**WHAT THE TASK REQUIRES:** Output, word for word, the line that contains "Externally, the property" and all lines after it in the records below, omitting pictures.
--- SOURCE INFORMATION Enclosed Below ---
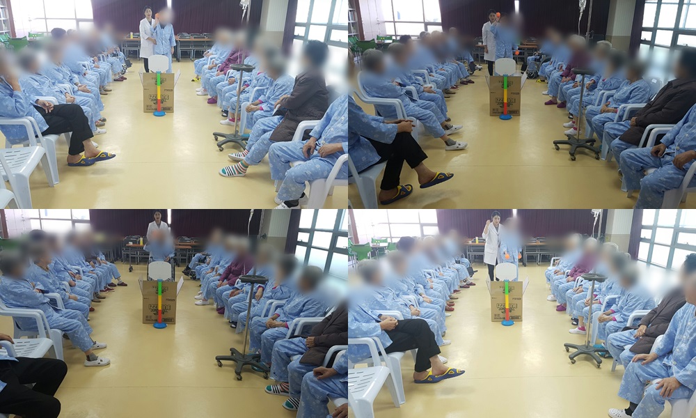 치료레크리에이션 - 농구 본문 2016년 11월 2일 오늘은 치료레크리에이션으로 농구를 하였습니다. 작은 공을 한손에 잡고 농구대가 부서질 정도 힘있게 던지시며 흥미를 많이 느끼셨고, 튕겨나가는 공을 보고는 아쉽다는 듯 한숨을 내 쉬셨지만 즐거워하셨습니다^^ 이전글 목록 다음글
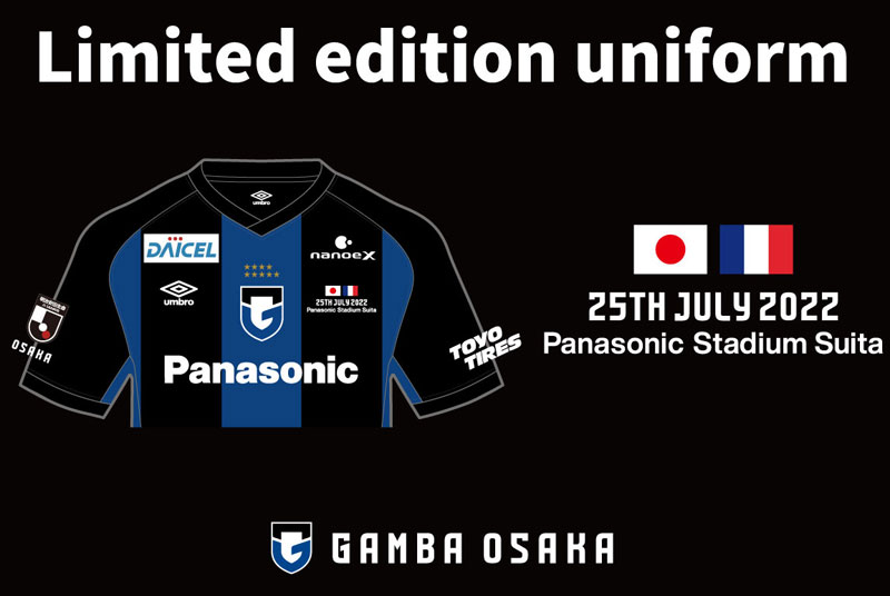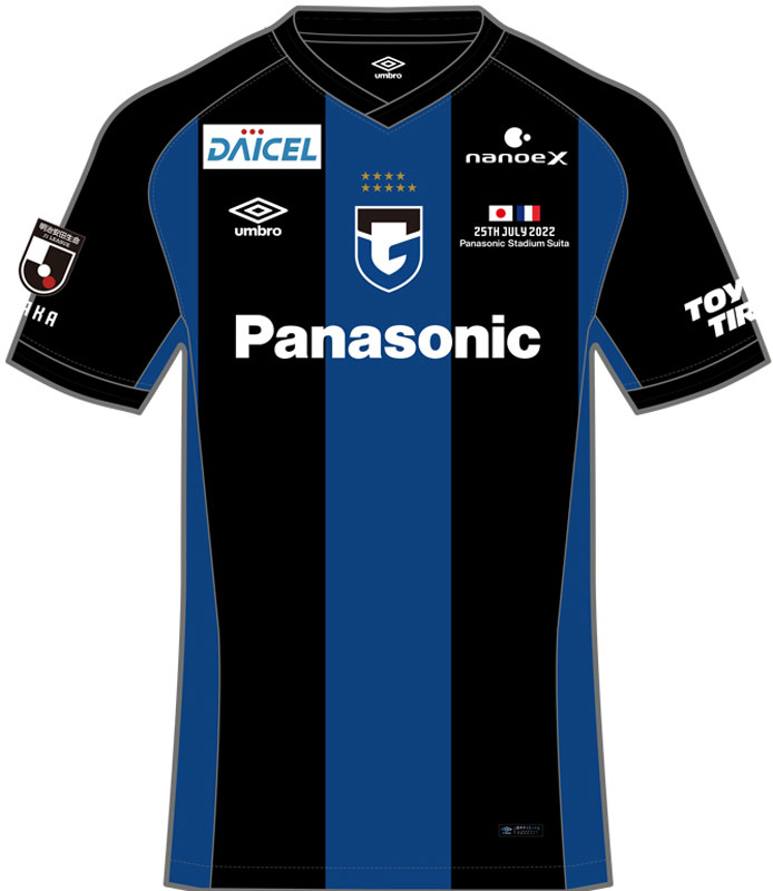 PSGジャパンツアー最終戦の相手はガンバ大阪。ユニフォームは通常のリーグ戦ホームキットを着用し、左胸にPSG戦のマッチデイをマーキングする。
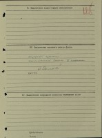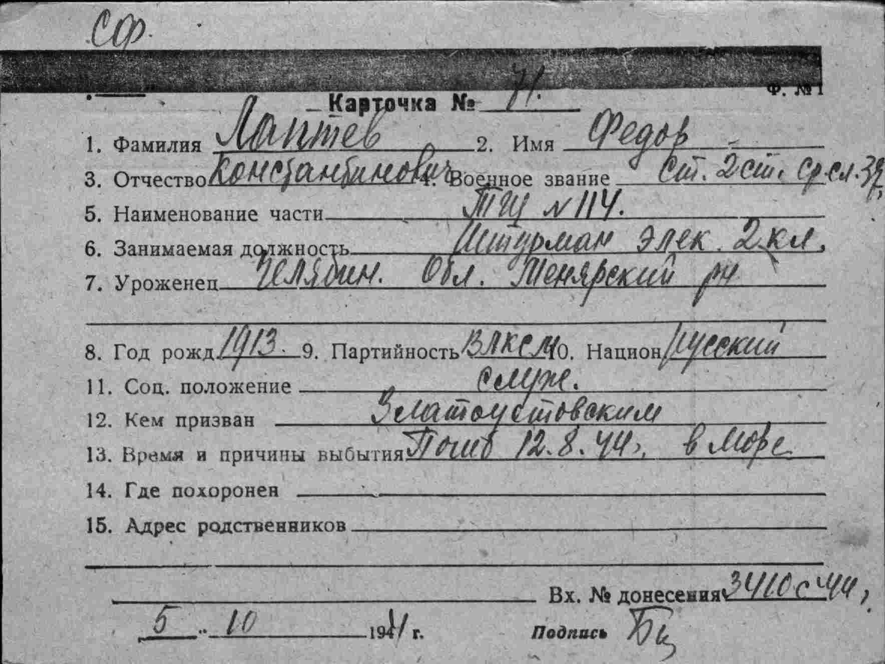 327. Лаптев Фёдор Константинович, воинское звание – старшина 2 статьи; должность и специальность – командир отделения штурманских электриков, штурманский электрик 2 кл.; год рождения – 1913 г.; партийность и № партдокумента (комсомольского билета) – ВЛКСМ; место рождения – Челябинская обл., Менярский р-н; социальное положение – служащий; национальность – русский; срок срочной службы – 1937 г.; последнее место службы – минный тральщик ТЩ-114, бригада траления ОВР ГБ СФ; каким РВК призван – Златоустовским РВК; семейное положение – женат; по какой причине, где и когда выбыл – погиб в море при выполнении боевого задания, 12.08.1944 г.
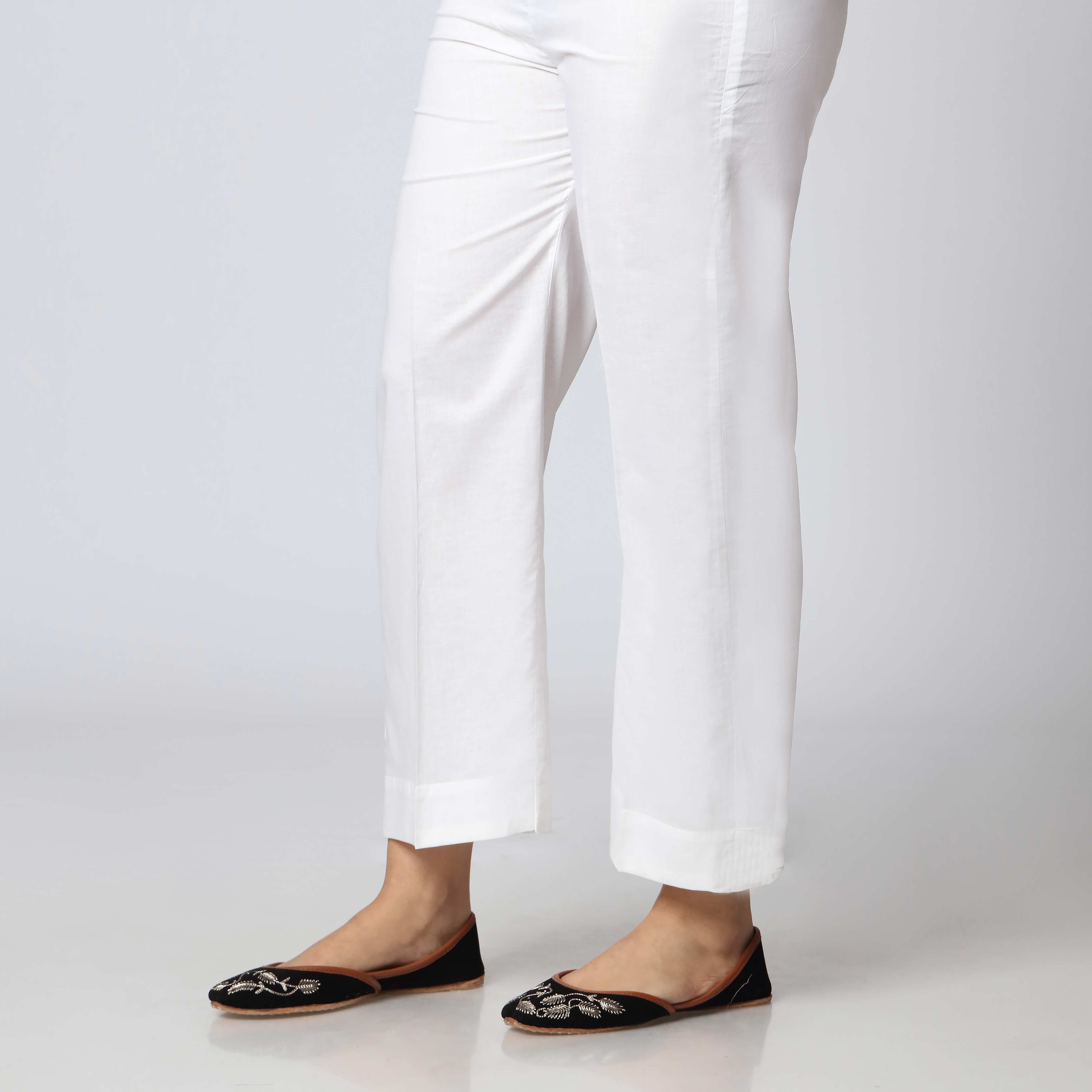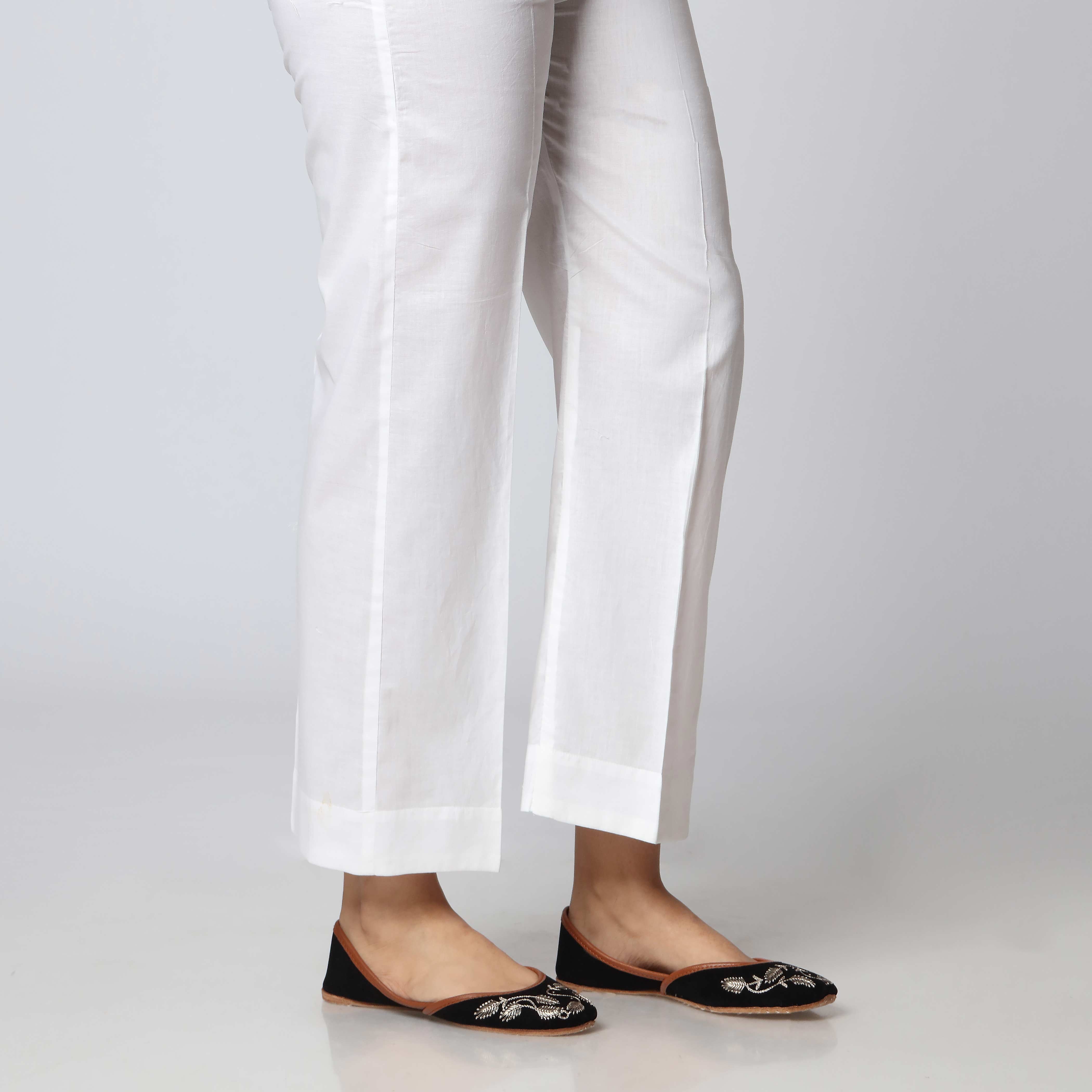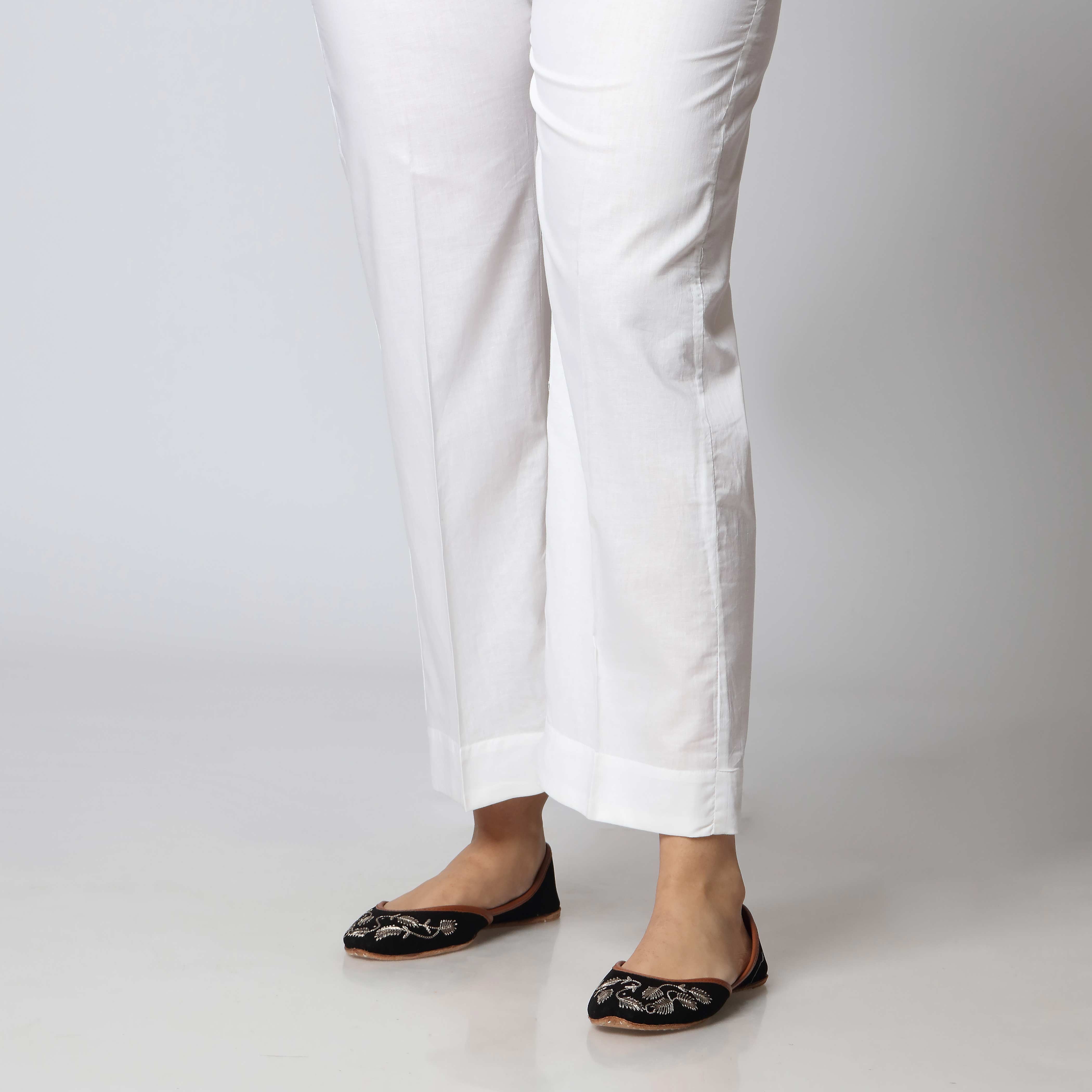 Easy to pair white plain cambric slim fit trousers for ladies.
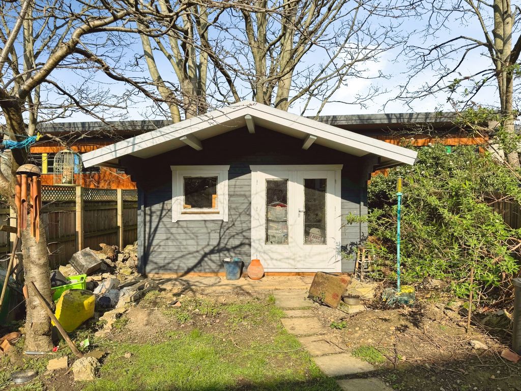 Externally, the property enjoys gardens to both the front and rear, mainly laid to lawn with mature borders. The rear garden features a raised patio area and a substantial detached timber structure, ideal for use as a playhouse, home office or garden room.
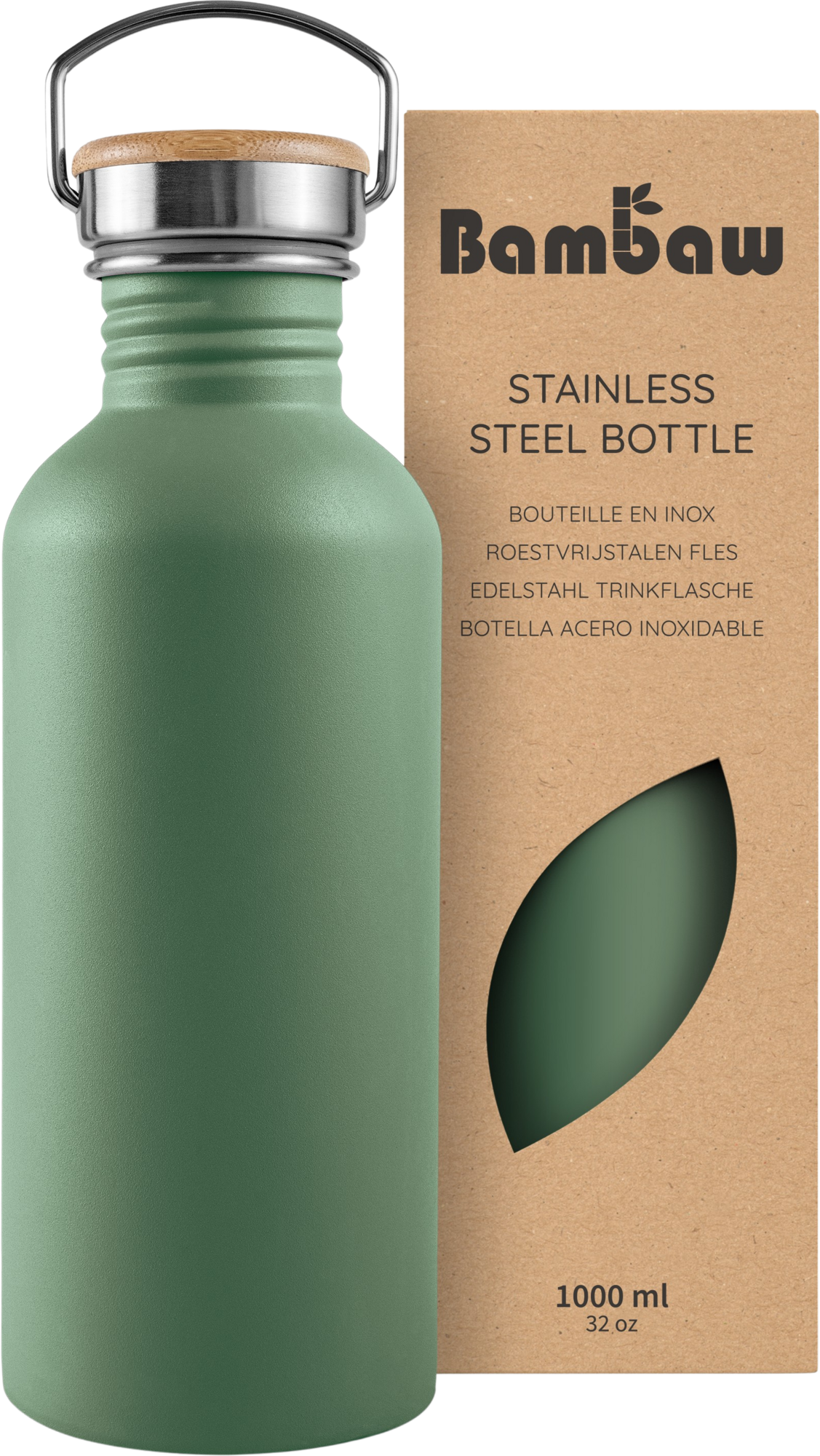 Bambaw Roestvrijstalen Fles, 1000 ml, Sage Green
--- End of Enclosed SOURCE INFORMATION ---
**SOLUTION FOR THIS PROBLEM:**
 Externally, the property enjoys gardens to both the front and rear, mainly laid to lawn with mature borders. The rear garden features a raised patio area and a substantial detached timber structure, ideal for use as a playhouse, home office or garden room.
 Bambaw Roestvrijstalen Fles, 1000 ml, Sage Green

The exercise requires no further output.